The former U.S. President Donald Trump is currently embroiled in a civil fraud case brought against him by the state of New York. The case, which has attracted significant attention, pertains to Trump's real estate business practices, which a trial judge declared fraudulent. In February, Justice Arthur Engoron ordered Trump to pay $454.2 million in penalties and interest for inflating his net worth to secure better terms from lenders and insurers. The civil case was initiated by New York state Attorney General Letitia James.

The appeal is now being heard by a five-judge panel on the Appellate Division, a mid-level state appellate court in Manhattan. The judges on the panel have expressed concerns about possible overreach by James. During the opening statement by Judith Vale, the lawyer arguing for New York, two of the judges interrupted to question if there were any other examples of the state suing over private business transactions between sophisticated parties under a law aimed at protecting market integrity.

Judges Question the State's Approach

Justice David Friedman pointed out that every case cited by Vale involved damage to consumers or the marketplace, which he argued was not the case here. He further added that nobody lost any money.
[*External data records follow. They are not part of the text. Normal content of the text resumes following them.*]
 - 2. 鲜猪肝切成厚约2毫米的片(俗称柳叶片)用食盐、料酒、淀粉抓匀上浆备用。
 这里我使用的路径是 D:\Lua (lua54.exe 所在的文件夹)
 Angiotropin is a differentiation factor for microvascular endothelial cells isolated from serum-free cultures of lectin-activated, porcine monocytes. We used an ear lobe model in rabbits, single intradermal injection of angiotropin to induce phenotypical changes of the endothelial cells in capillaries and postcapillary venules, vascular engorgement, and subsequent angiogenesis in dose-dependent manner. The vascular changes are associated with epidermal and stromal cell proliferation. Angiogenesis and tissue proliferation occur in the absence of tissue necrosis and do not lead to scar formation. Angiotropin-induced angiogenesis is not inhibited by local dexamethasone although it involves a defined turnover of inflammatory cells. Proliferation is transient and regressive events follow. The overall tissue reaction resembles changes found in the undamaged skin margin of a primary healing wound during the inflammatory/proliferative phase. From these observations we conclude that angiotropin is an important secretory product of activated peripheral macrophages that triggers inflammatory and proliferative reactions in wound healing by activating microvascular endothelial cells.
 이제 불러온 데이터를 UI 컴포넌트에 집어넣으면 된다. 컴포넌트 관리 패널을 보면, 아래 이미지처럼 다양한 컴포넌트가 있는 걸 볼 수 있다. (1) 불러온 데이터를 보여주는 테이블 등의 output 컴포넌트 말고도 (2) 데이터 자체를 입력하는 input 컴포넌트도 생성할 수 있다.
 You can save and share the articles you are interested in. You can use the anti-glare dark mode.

The judges also questioned the constraints applied to the law James cited in bringing the case - one that is typically used to go after fraudsters who target vulnerable consumers. Justice Peter Moulton asked, How do we draw a line or at least put up guardrails?

Vale, the state's deputy solicitor general, argued that the statute - known as Executive Law 63(12) - is broadly aimed at stopping fraud and illegality, and was therefore appropriate in Trump's case. The case stemmed from Trump's leadership of his family real estate company, the Trump Organization, before he became president in 2017. Trump managed to avert possible asset seizures in the case by posting a $175 million bond while he appeals.
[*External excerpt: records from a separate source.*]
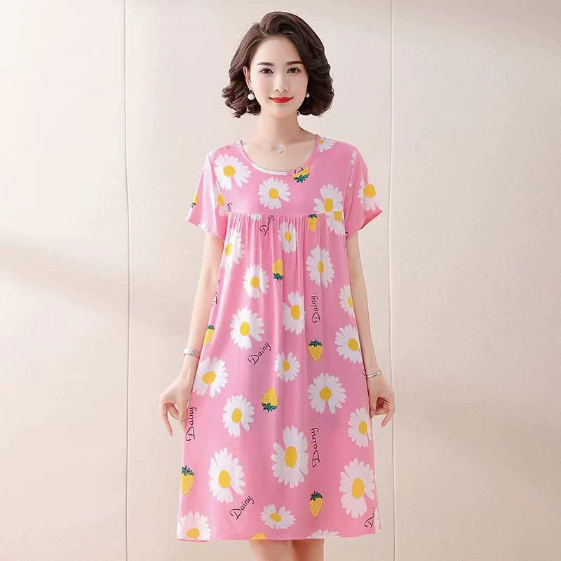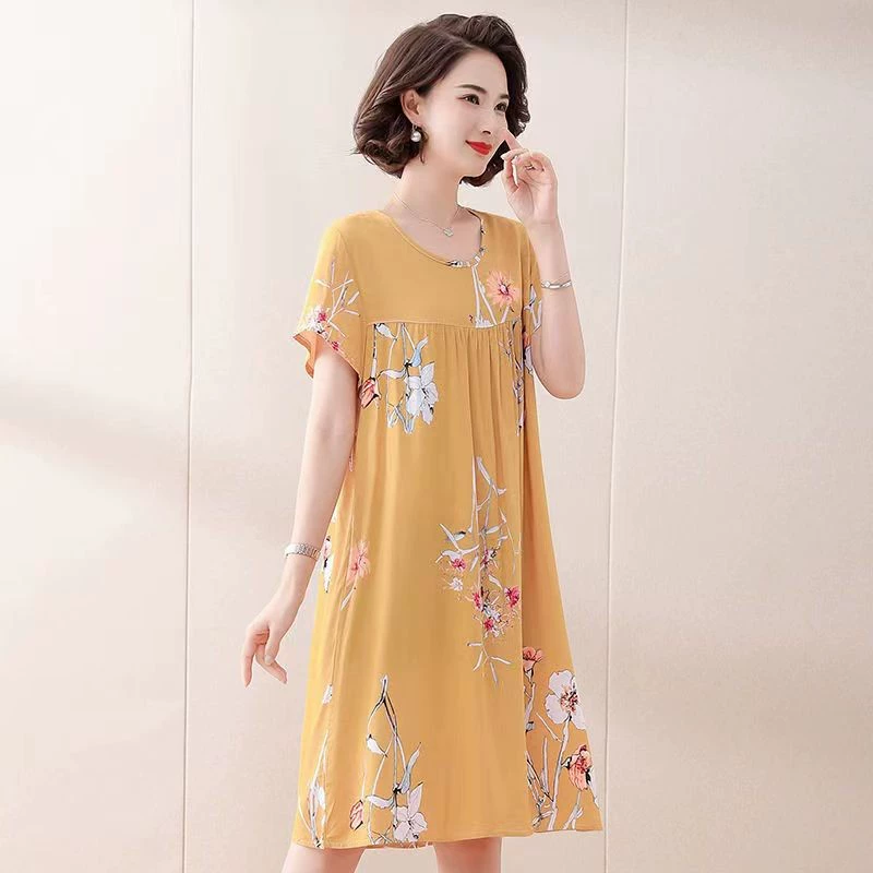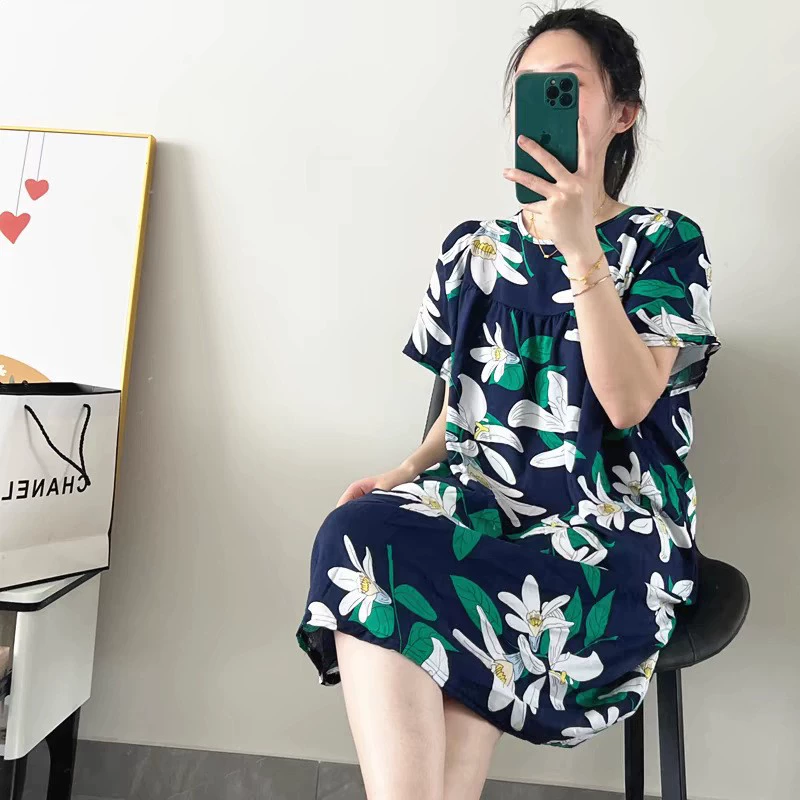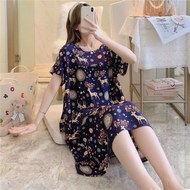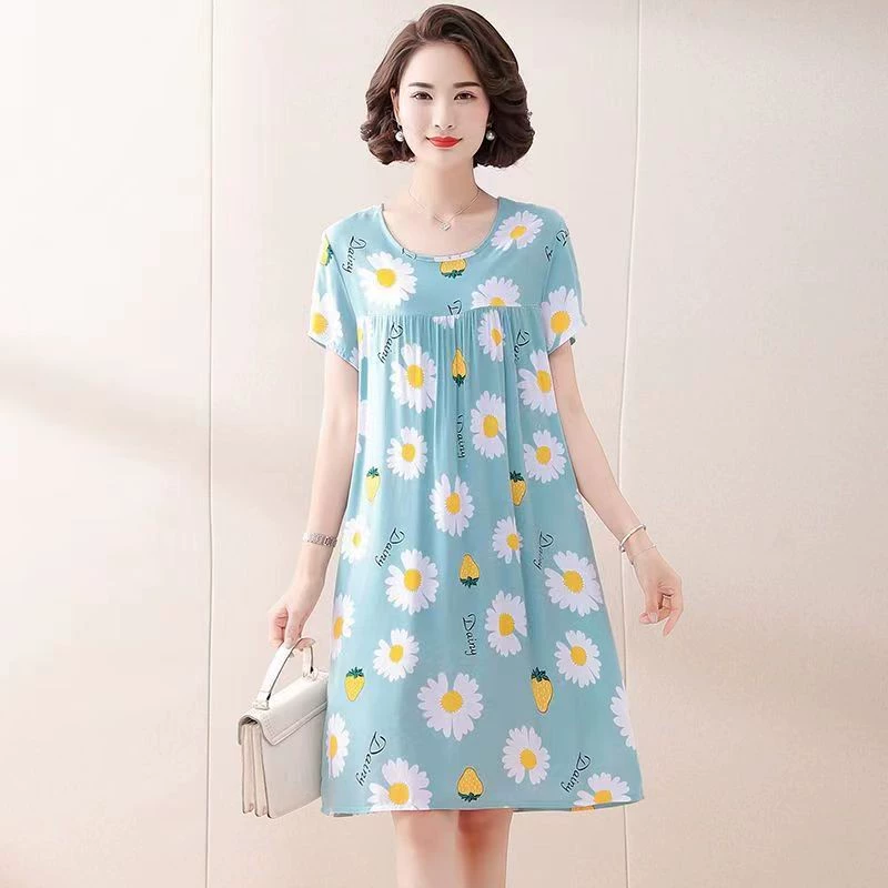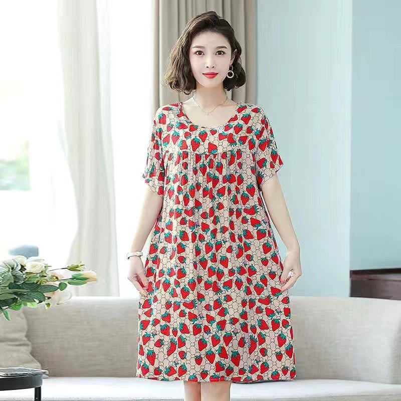 | nameOriginal | Fashion printed dress women's short-sleeved round neck loose large size nightgown summer thin home casual cotton silk skirt |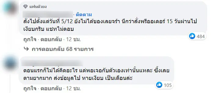 ทั้งนี้ลูกค้าหลายคนยังพูดเป็นเสียงเดียวกันว่า รอนาน และแอดมินไม่สนใจที่จะตามสินค้าให้เลย หายเงียบ ไม่ตอบแชท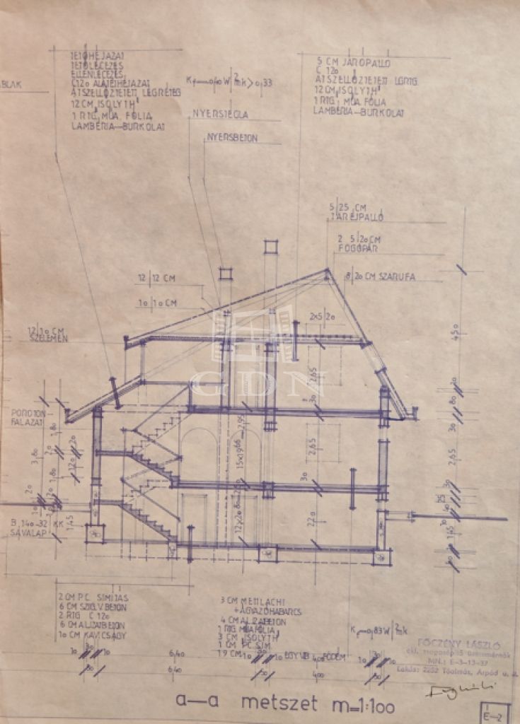 A ház POROTHERM tégla falazatú, kétrétegű hőszigetelt üveggel ellátott fa nyílászárókkal, víz-, villany- és csatornabekötéssel (3×16 amper rendelkezésre áll). A gáz az utcában van. A födém vasbeton, az épület tetejét cserép fedi. Szigetelés nincs rajta.

Trump's Defense and the Implications of the Case

Trump's lawyer, John Sauer, argued that trial testimony showed that any discrepancies in Trump's net worth were irrelevant to his lenders. He stated, What is not disputed is the testimony that if the net worth had been as low as one million (dollars), the deal would've been exactly the same. Sauer added that none of Trump's lenders and business partners were harmed by the discrepancies on the financial statements, an argument Trump's lawyers have made throughout the case. There were no victims, no complaints, Sauer said.

Engoron's ruling poses a threat to the business empire Trump has built over decades, which includes hotels, office buildings, and golf courses around the world. With interest continuing to accrue, Trump now owes $478.3 million. The case is one of a number of legal entanglements Trump has faced since leaving the White House in 2021. He owes nearly $90 million in federal civil penalties for defaming a writer who accused him of sexual abuse, and was convicted in May on criminal charges stemming from hush money paid to a porn star.